Ekipy z Wrocławia i Częstochowy sąsiadują ze sobą w tabeli, mając w dorobku po dziewięć punktów. Jednak wydaje się, że czwarty Włókniarz gorszy moment ma już raczej za sobą, a trzecia Sparta przegrała dwa ostatnie spotkania i nieco pogorszyła swoją sytuację. Trener Dariusz Śledź dysponuje silną kadrą, ale posiadającą swoje problemy. Zawodzi przede wszystkim Tai Woffinden, którego nazwisko przewija się w różnych plotkach odnośnie powrotu pod Jasną Górę. Reakcja Brytyjczyka będzie miała tego piątkowego wieczoru niebagatelne znaczenie.

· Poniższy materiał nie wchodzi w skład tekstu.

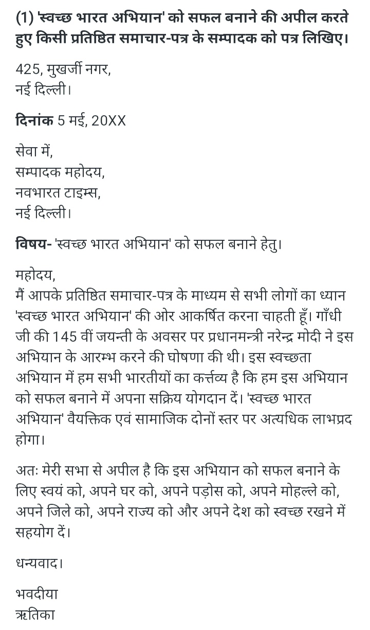 - Letter writing in Hindi
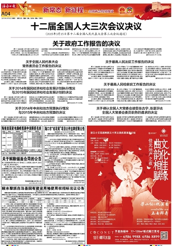 第十二届全国人民代表大会第三次会议审查了国务院提出的《关于2014年国民经济和社会发展计划执行情况与2015年国民经济和社会发展计划草案的报告》及2015年国民经济和社会发展计划草案,同意全国人民代表大会财政经济委员会的审查结果报告。会议决定,批准《关于2014年国民经济和社会发展计划执行情况与2015年国民经济和社会发展计划草案的报告》,批准2015年国民经济和社会发展计划。

– Kluczem będzie postawa Taia Woffindena. O punkty Artioma Łaguty, Daniela Bewleya i Macieja Janowskiego na Olimpijskim kibice wrocławian mogą być spokojni. Bardzo dużo zależy więc od tego ile dołoży Tai, który ma w tym roku ogromne problemy. Jego dobry występ znacznie pomoże w zwycięstwie, szczególnie jeśli ostatecznie w składzie nie zobaczymy Bartłomieja Kowalskiego. Wtedy odpowiedzialność na Taiu będzie spora – twierdzi nasz rozmówca.

Pierwiastkiem łączącym oba kluby jest również wspomniany Kowalski. Zawodnik na pozycji U-24 nie ukończył ostatnich zawodów z Falubazem z powodu upadku w swoim drugim biegu. Dyspozycja byłego juniora biało-zielonych dalej jest niewiadomą. Przełożenie spotkania o tydzień było, jednak Sparcie na rękę. Postawa Kowalskiego dalej stoi pod znakiem zapytania, natomiast jego występ w spotkaniu jest już pewny. Badania po tamtym meczu odbył również absolutny lider WTS-u, który także jeździł niegdyś przy Olsztyńskiej – Artiom Łaguta. Poniżej oczekiwań spisuje się także ten, który przed kampanią niósł miano hitu transferowego – 20-letni Jakub Krawczyk.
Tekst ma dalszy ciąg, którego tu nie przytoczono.